Гороховский поежился, как если бы полы его халата (дома он постоянно ходил в пижаме и халате) раздул ледяной ветер.

— Послушайте, — с жалобной ноткой в голосе произнес он, — вы еврей?

— Думаю, что да.

— А разве евреи не должны помогать друг другу?

— Еще бы...

— Почему же вы не хотите мне помочь?..

— Очень хочу!

— Тогда назовите настоящую цену!

— Я назвал.

— Послушайте, это же не серьезно. — Борух Гороховский насупил густые брови, которые по утрам чернил и расчесывал щеточкой. — Вы получаете у меня по пяти долларов в час и не жалуетесь. А тут вам дают сто долларов, и вы еще торгуетесь!

— Я не торгуюсь.

— Тогда соглашайтесь!.. Или вы кто — Святослав Рихтер?.. Лауреат международных конкурсов?..

— Я Рабинович, — сказал Марк. — Марк Рабинович. А что до конкурсов, так меня на них не пускали.

Он повернулся к Гороховскому спиной и принялся домывать ванну.

В прищуренных глазах Гороховского стрельнула какая-то искра, а брови поползли вверх и только через некоторое время заняли прежнее положение.

— Хорошо, — сказал он, — вы получите двести долларов. Вас устроит?

— Пятьсот, — невозмутимо произнес Марк.

— Я говорю серьезно.

— Я тоже.

Гороховский запахнул халат, выпрямился и широкими, решительными шагами вышел из ванной.

— Ладно, — сказал он, вернувшись через минуту. — Двести пятьдесят.

Перед ним был задранный над ванной зад Марка, затянутый в поношенные блекло-голубые джинсы, купленные по дешевке на гараже.

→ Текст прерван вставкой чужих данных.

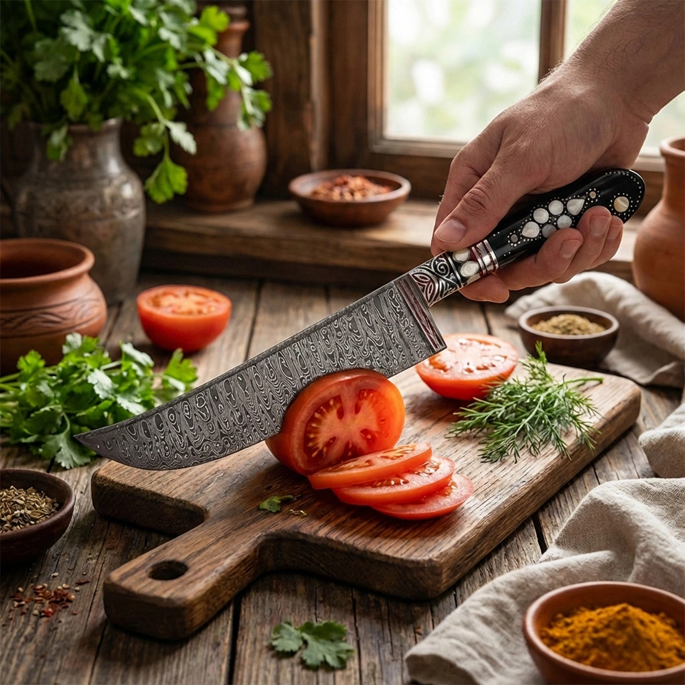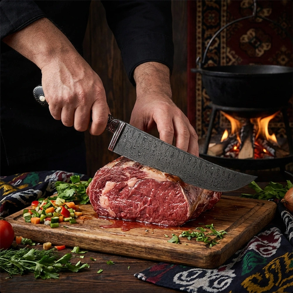 Usbekisches Pchak-Messer, 28 cm - vielseitiger Helfer in Küche und Outdoor. Die klassische usbekische Form, eine robuste Damastklinge und ein handlicher Griff machen es zu einem vollwertigen Arbeitsmesser, nicht nur zu einem Souvenir.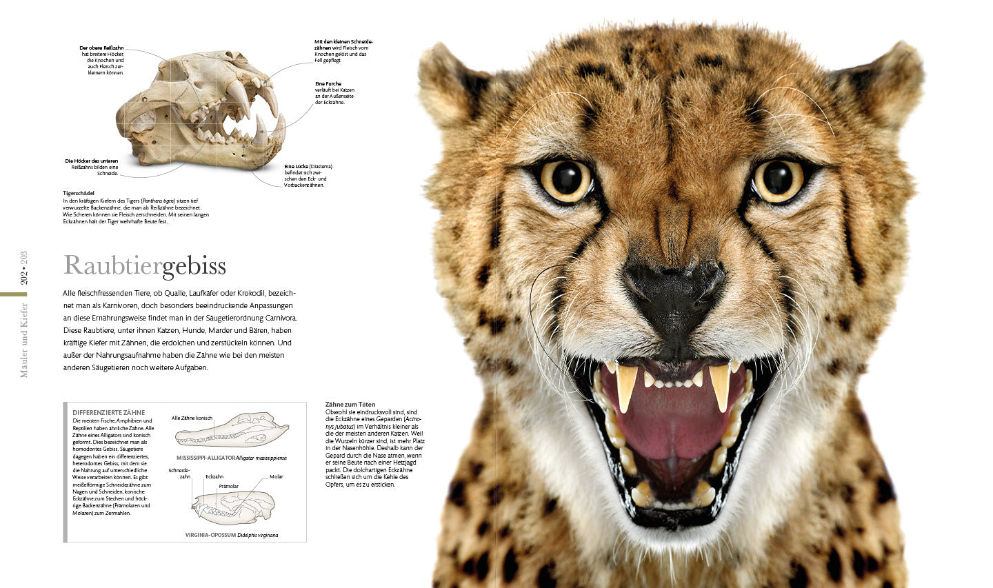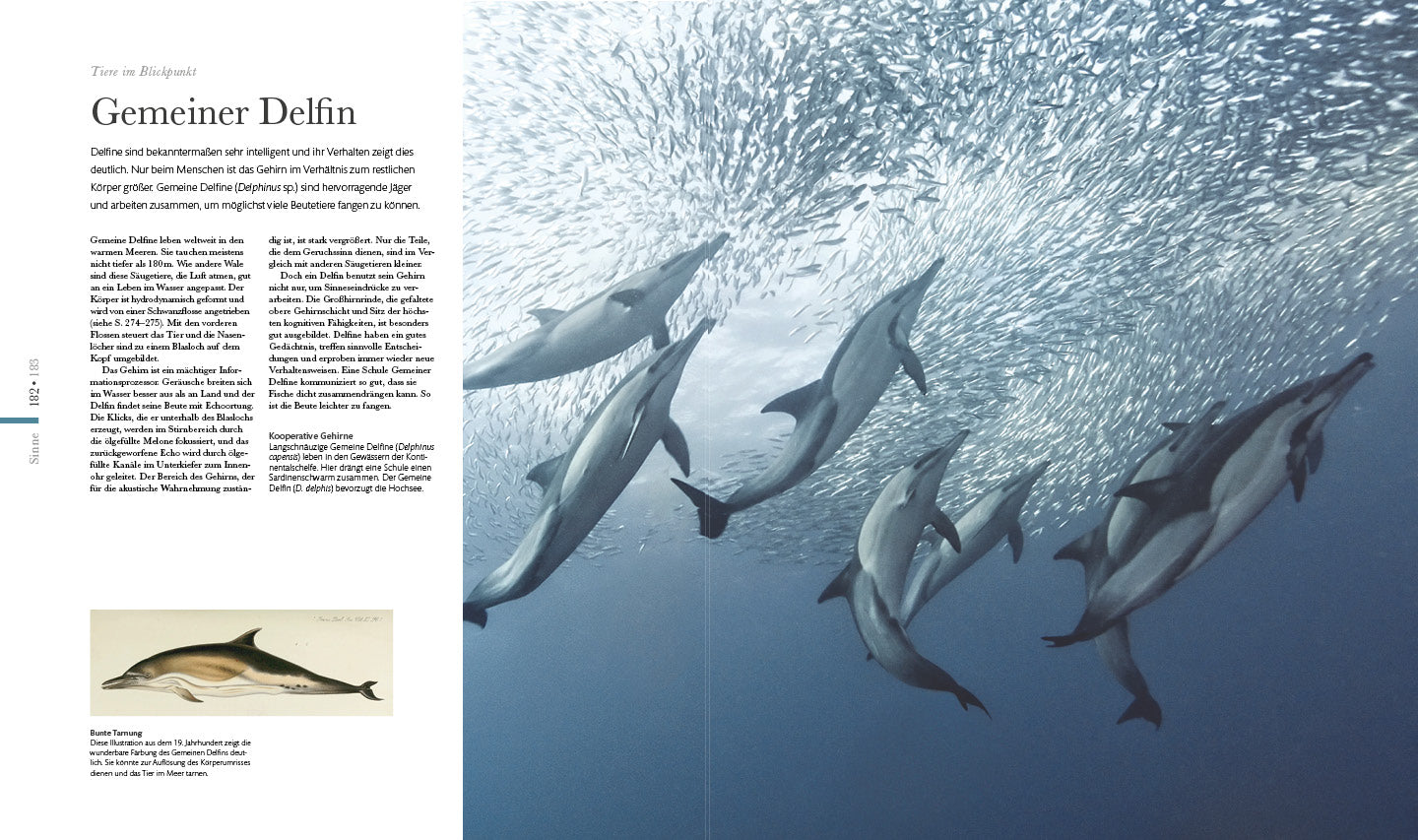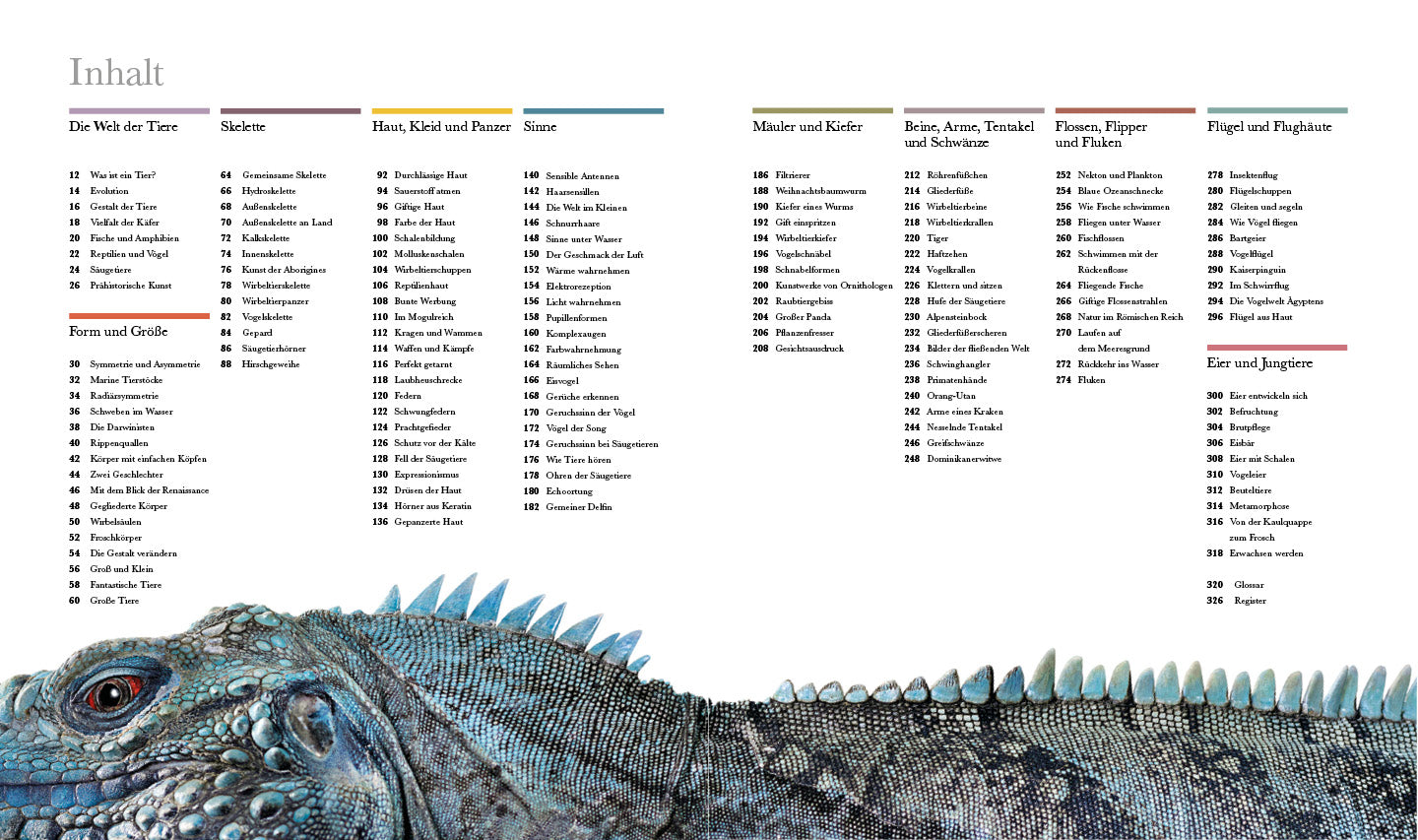 Mit »Die fantastische Welt der Tiere« tauchen Sie ein in eine visuell beeindruckende Entdeckungsreise durch die Natur. Dieses bildgewaltige Tierbuch zeigt Ihnen die faszinierende Anatomie, die Sinne und das Verhalten von Tieren auf eine völlig neue, spannende Art. Grandiose Detailaufnahmen, präzise Schaubilder und verblüffende Fakten sorgen dafür, dass selbst Kinder mühelos verstehen, warum Quallen nicht ziellos durchs Wasser treiben oder wie Geparden Geschwindigkeiten von bis zu 100 km/h erreichen.

— Пятьсот, — сказал Марк. Перевесившись через борт ванны, он старательно драил никелированную решеточку над отверстием для стока воды.

6

В тот день перед домом Гороховских вытянулась вереница по меньшей мере из полутора десятка машин. Каких только марок здесь не было! И каждая машина кичилась перед остальными, блистая овалами стекол, сияя на солнце корпусами наивсевозможнейших расцветок, поражая внутренней отделкой и совершенством формы, словно предназначенной для космических перелетов по трассе Земля — Марс или даже Земля — Юпитер...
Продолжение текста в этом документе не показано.